The board Thursday approved the measure by a 4-3 party-line vote.

Democratic Town Supervisor Paula A. Mahan said such borrowing would be a “safety” net and not an ideal solution because of the interest that would accrue.

Mahan has another solution — a one time “deficit correction tax” on all residential and commercial property in town to resolve the financial problems. The bills would be based on the assessed value of a property and the projected average bill would be about $250.

Based on a sliding scale, homeowners with smaller homes or on fixed incomes would pay less and individuals with higher-priced homes would pay more; the maximum would be capped at $500.

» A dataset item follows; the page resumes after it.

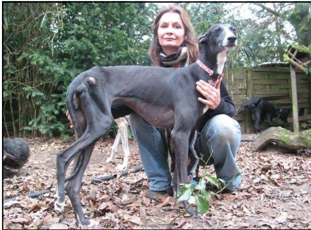
Airis from Arca de Noe, now happily homed in Holland

Failure to make a will means that your relatives will have to struggle to sort out the destination of your assets (and might incur huge lawyers' bills) AFTER HM Revenue and Customs have taken a large slice of your estate. Tax efficiency will not be a factor, as no tax-free legacies to charities will be made. So, by making a will, your possessions go where you intend, you achieve peace of mind and have the opportunity to reduce inheritance tax by making legacies to charities.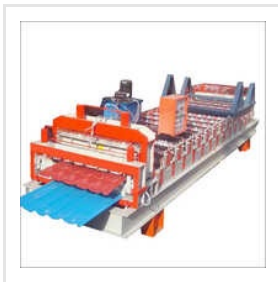
Industrial Tile Roll Forming Machine

Mahan proposed the tax Thursday, and while some town residents have been expressing concerns, worrying that it will not be a one-time tax, others say it’s fair and equitable.

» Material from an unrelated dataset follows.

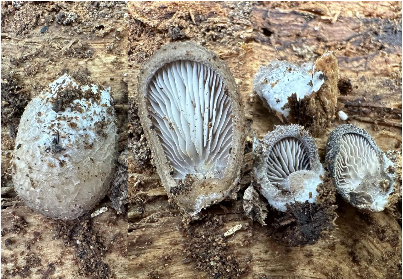
Figure 1. Basidiocarps of Hohenbuehelia mastrucata

Macroscopic and microscopic features: Cap 20-50 mm across, convex to planoconvex with an inrolled margin, circular, semicircular, shell-shaped or fan to kidney-shaped, some becomes wavy and lobed at maturity. Gray, bluish gray, brownish gray to buff, covered with a dense tomentum that forms a reticulate pattern. Flesh thin, gelatinous to rubbery when dry, whitish gray, taste mild, odor not distinct. Gills radiating from the attachment point, subdecurrent to adnate, close to subdistant, whitish to whitish gray. Spore print white. Stem absent or with an indistinct stipe, fruit body laterally attached to the wood. Basidia 26–41 × 7–9 μm, cylindrical-clavate, hyaline, 4-spored. Cheilocystidia 30–43 × 4.5–6.7 μm, clavate-capitate to lageniform, with necks 2–2.5 μm across. Pleurocystidia up to 70–100 × 15–19 μm; lanceolate, fusiform, thick-walled metuloid with apical or sheathing encrustations. Basidiospores 6.8–8.7 × 3.5–5.5 μm, ellipsoid to cylindrical, rarely ovoid, smooth, inamyloid.

But the three Republicans on the board — Nicole Criscione-Szesnat, J. Brian Hogan and Tom With — oppose the tax and said deficit financing is not necessary to resolve the deficit.

“It would be too extreme of a measure and an administrative burden to the staff, particularly the Town Comptroller’s office. We also do not support a tax increase. We do not believe there is a need for a special assessment of $250,” they said in a written summary of a Republican counterproposal released Friday.

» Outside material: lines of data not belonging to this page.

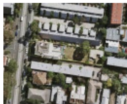
Former Lalor House Aerial.jpg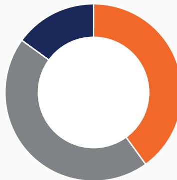
● Equities ● Bonds ● Cash

One of the benefits of choosing a portfolio is that you have built-in diversification within your investments, which can potentially assist in long-term growth objectives.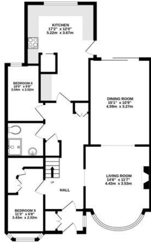
GROUND FLOOR 856 sq.ft. (79.4 sq.m.) approx.

Their plan will eliminate the deficit within the year and improve the town’s credit rating, they said.

The Republicans also disagree with the $18 million deficit figure, saying that based on preliminary audit figures by Bollam, Sheedy and Torani, the deficit at the end of 2006 is only $14.7 million. About $9.1 million of this is attributed to landfill closure costs, they noted, which won’t be due until the town landfill is closed in 12 to 15 years. The remainder of the deficit, $5.6 million, is the shortfall that is now due, they said.

Mahan is confident, based on auditors’ reports, including one by the state comptroller, that the $18 million deficit figure is accurate.

According to the Republicans’ plan, three enterprise funds show a surplus including the Latham Water District, $4.3 million; Pure Waters, $2.9 million; and the landfill. Although it shows a $7.2 million deficit, if the landfill closing costs not factored in it shows a $1.8 million operating surplus, they said.

While the two political parties continue to disagree on the precise size of the deficit, Mahan said that the legalities of the deficit correction tax are being examined and she intends to move forward with the plan, which the Town Board must approve.

She said that it’s the most fair and equitable plan to reduce the deficit.